Exercise description. Extract, word for word, each line from the line holding "2pc Car Seat" through the end of the records. Omit every picture.

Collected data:
Segment Open
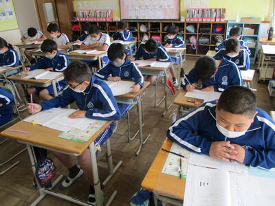 今日は6年生が、全国学力学習状況調査に取り組みました。
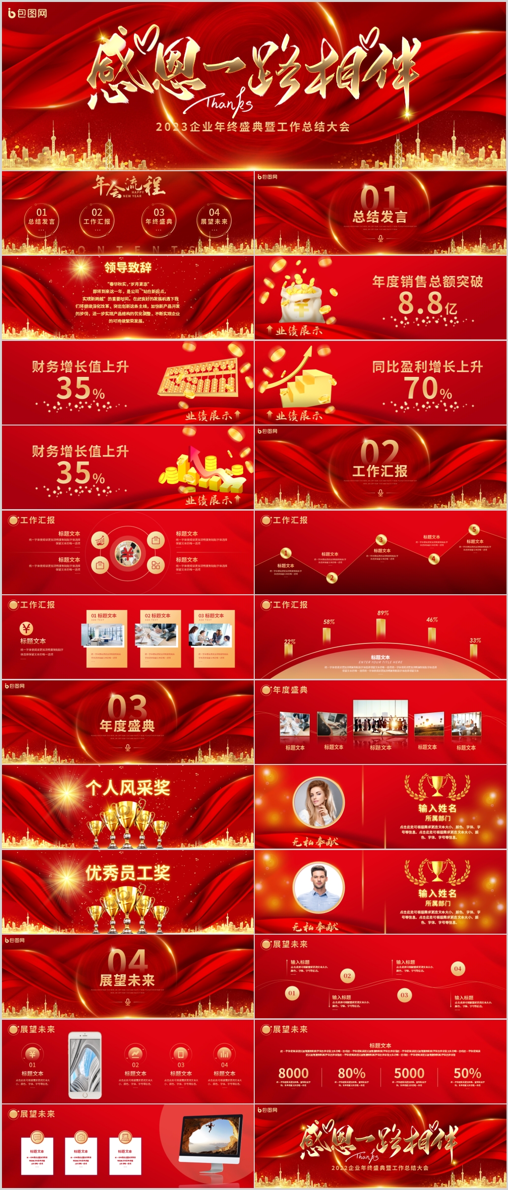 2023红色宽屏喜庆感谢一路有您相伴企业年会颁奖晚会ppt模板
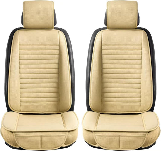 2pc Car Seat Covers, Luxury Car Protectors,Universal Anti-Slip Driver Seat Covers, Edge WrappingsFront Car Seat Covers with PU Leather(Beige)
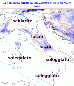 Domenica più sole ovunque, tranne residue piogge su zone confinali altoatesine e locali rovesci pomeridiani su dorsale appenninica centro-settentrionale, Alpi occidentali e nord-est. Lunedì nuovo afflusso di aria fresca in quota e qualche temporale tra nord-est, Romagna, regioni centrali, nuvolaglia sul resto del nord. Martedì e mercoledì residue condizioni di instabilità, poi bel tempo sino a domenica 9 giugno e clima progressivamente più caldo, specie al centro-sud.
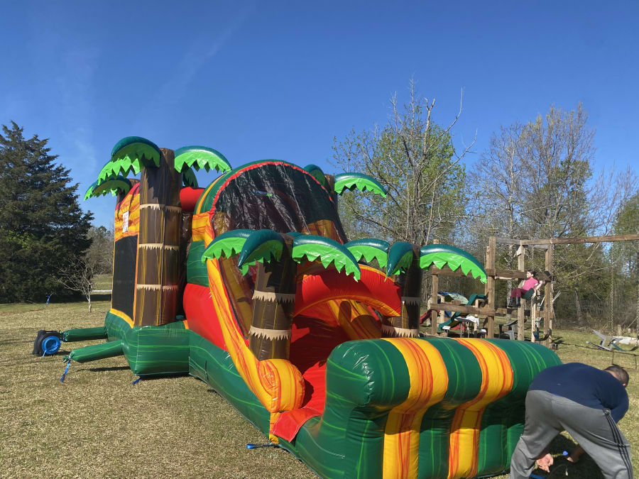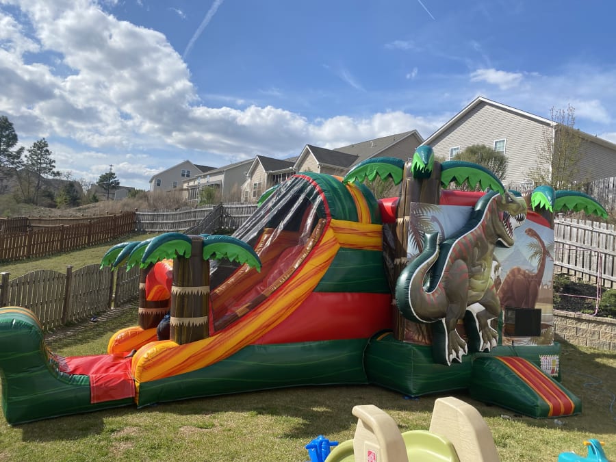 👉🏻Includes a bounce house, a slide, a climbing wall and a basketball hoop. (Pool for water option)
Segment Closed
Expected output.
 2pc Car Seat Covers, Luxury Car Protectors,Universal Anti-Slip Driver Seat Covers, Edge WrappingsFront Car Seat Covers with PU Leather(Beige)
 Domenica più sole ovunque, tranne residue piogge su zone confinali altoatesine e locali rovesci pomeridiani su dorsale appenninica centro-settentrionale, Alpi occidentali e nord-est. Lunedì nuovo afflusso di aria fresca in quota e qualche temporale tra nord-est, Romagna, regioni centrali, nuvolaglia sul resto del nord. Martedì e mercoledì residue condizioni di instabilità, poi bel tempo sino a domenica 9 giugno e clima progressivamente più caldo, specie al centro-sud.
 👉🏻Includes a bounce house, a slide, a climbing wall and a basketball hoop. (Pool for water option)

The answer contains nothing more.